In the next section we run a significance test for one strong hypothesis (H1).


## 8) Hypothesis testing & significance analysis (Welch t-test)

We test H1 using **Welch’s t-test**, which does **not** assume equal variances between groups (a safer choice when group variances or sizes may differ).
We report:
- p-value (statistical significance)
- group means/medians (interpretability)
- effect size (Cohen’s d) to quantify practical magnitude


In [None]:
from scipy import stats

# Split groups
a = df_track[df_track["explicit_int"]==1]["popularity"]
b = df_track[df_track["explicit_int"]==0]["popularity"]

# Welch t-test
t_stat, p_value = stats.ttest_ind(a, b, equal_var=False)
t_stat, p_value

In [None]:
# Effect size: Cohen's d (pooled standard deviation version)
def cohens_d(x, y):
    nx, ny = len(x), len(y)
    sx, sy = x.std(ddof=1), y.std(ddof=1)
    sp = np.sqrt(((nx-1)*sx**2 + (ny-1)*sy**2) / (nx+ny-2))
    return (x.mean() - y.mean()) / sp

results = {
    "Welch t-test p-value": p_value,
    "Cohen's d": cohens_d(a, b),
    "Mean (Explicit=1)": a.mean(),
    "Mean (Explicit=0)": b.mean(),
    "Median (Explicit=1)": a.median(),
    "Median (Explicit=0)": b.median(),
    "n (Explicit=1)": len(a),
    "n (Explicit=0)": len(b),
}
results

## 9) Key findings & insights (write after you review the plots)
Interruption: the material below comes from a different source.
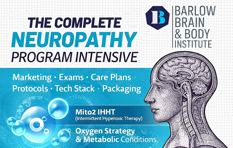 Two-day intensive to build a complete, scalable neuropathy program. We cover Marketing, Exams, Care Plans, Protocols, Tech Stack, and Packaging—plus how to integrate Mito2 IHHT oxygen cycling to support mitochondrial & metabolic function.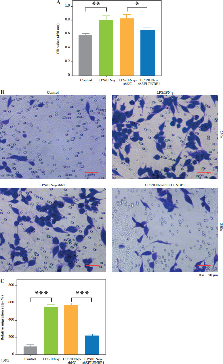 As described above, THP-1 cells from control, LPS/IFN-γ, LPS/IFN-γ-shNC, LPS/IFN-γ-shSELENBP1, and LPS/IFN-γ-shSELENBP1 + ML385 groups were cultured in DMEM supplemented with 10% FBS. For the purposes of the subsequent investigations, pre-cultured MH7A cells were then plated in 6-well plates and co-cultured with the previously treated THP-1 cells for 48 hours [18].

Use 5–8 stakeholder-friendly bullet points, for example:
- Overall popularity is concentrated around the low-to-mid range (see histogram).
- Some audio features show stronger relationships with popularity than others (see correlation heatmap).
- Popularity differs across top genres (boxplot shows variability and outliers).
- Explicit tracks have a statistically significant popularity difference; effect size should be interpreted (small/medium/large).

(Replace these placeholders with your own final bullets after reviewing the outputs.)


## 10) Conclusion & next steps

Conclude with:
- 3–5 key takeaways from EDA + hypothesis test
- Next steps for ML readiness (examples):
  - Create train/test splits grouped by `track_id` (to prevent leakage if duplicates exist in other views).
  - Try a simple regression model predicting `popularity`.
  - Try a genre classifier using audio features (after encoding `track_genre`).
  - Consider handling very long-duration outliers if needed.